Games

Shades and materials in Game

Shade basics

Shades, from the artist’s point of view, are often a bit of a black box. Our involvement usually requires that we generate input for a preexisting shade—set parameters and/or assign textures, and then look at the end result. Since the artist’s role is mostly confined to creating input and judging the output of the shade, we often have nothing to do with the code. In some cases, a shade code is written or edited by an artist, but most new shade-creation tools are more like the material systems in Max and Maya, requiring no programming knowledge.

Common shade effects

Like most things dealing with computer game technology, shades are a vast and complex topic riddled with new vocabulary, concepts, and technological requirements. In addition, each game engine and each game project will have its own vocabulary, process, and subtle nuances in dealing with shades. But you will always deal with some basic shade effects, and here are some samples of them. You may notice that these shade effects are very similar to filter effects in Photoshop, materials in Max or Maya, and many post video effects.

Masking and opacity

Masking typically uses a specific color that is designated the clear color and is more efficient than transparency. Transparency uses a separate channel or a grayscale image to determine the opacity of a pixel. The trade-off is that transparency looks better, but it requires more file space and more processing power. Masking can significantly speed up a huge scene with many overlapping elements with transparency on them, such as a forest or a jungle.

Average

Average blends the colors of the base map and the new map evenly. If you don’t want either texture overpowering the other in any way, use average. This is appropriate for creating an entirely new texture from two separate textures or, in conjunction with grayscale base maps, for coloring the base map.

Additive

The additive color model brightens the base map. Black becomes completely transparent.

Common shade effects

Like most things dealing with computer game technology, shades are a vast and complex topic riddled with new vocabulary, concepts, and technological requirements. In addition, each game engine and each game project will have its own vocabulary, process, and subtle nuances in dealing with shades. But you will always deal with some basic shade effects, and here are some samples of them. You may notice that these shade effects are very similar to filter effects in Photoshop, materials in Max or Maya, and many post video effects. Post video effects are effects inserted into a film or video after the footage is shot, during the editing process.

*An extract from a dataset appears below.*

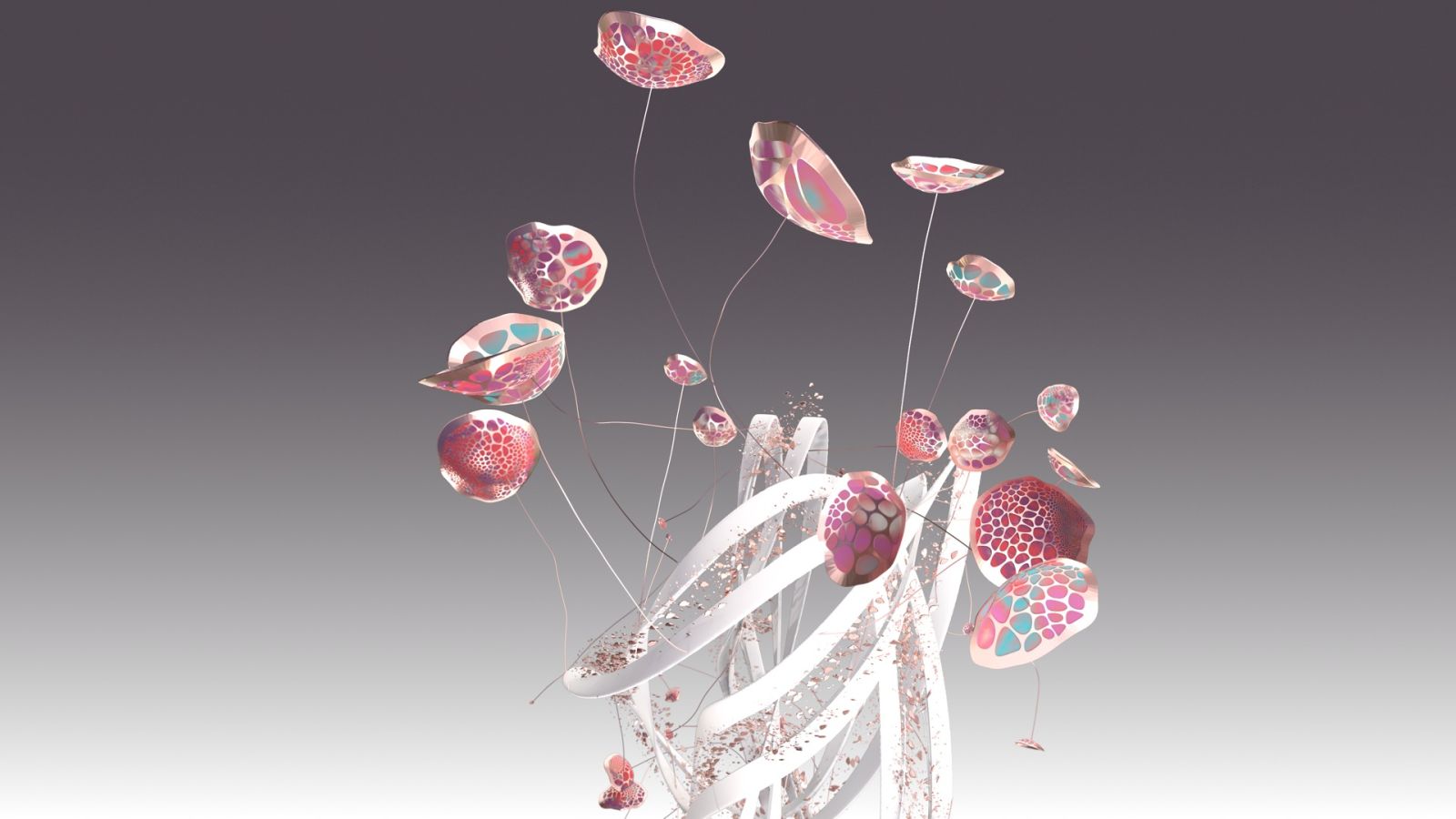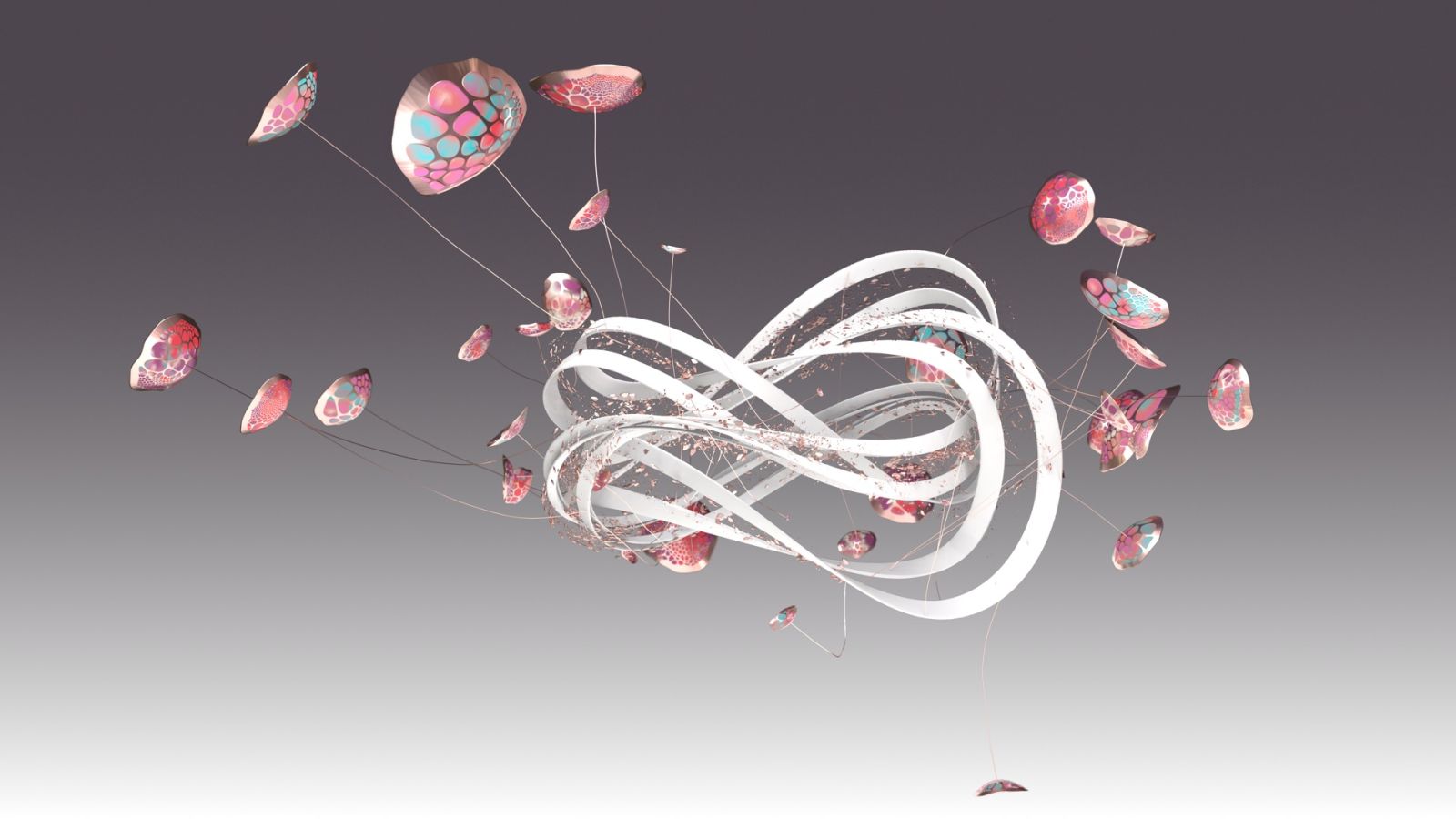 The center visualisation of the XDR system is again made generatively, employing the use of a Lissajous wave to create an architectural like object to form the core of the piece. This was very much inspired by the beautiful organic forms of Zaha Hadid.

Bump, normal, and parallax occlusion mapping

These shades add 3D depth to an otherwise flat surface. While bump maps are grayscale and display the most limited 3D effect, the others add depth using a color map with lighting information encoded in it.

Conclusion

That was a quick look at what shades can do. We will implement all of them in the coming exercises to create various effects. Our implementation will be generic, meaning that we will create the assets for the shade based on the most basic parameters. If you are using Max, Maya, Unreal 3, or any other shade system, these basics will translate easily into those systems.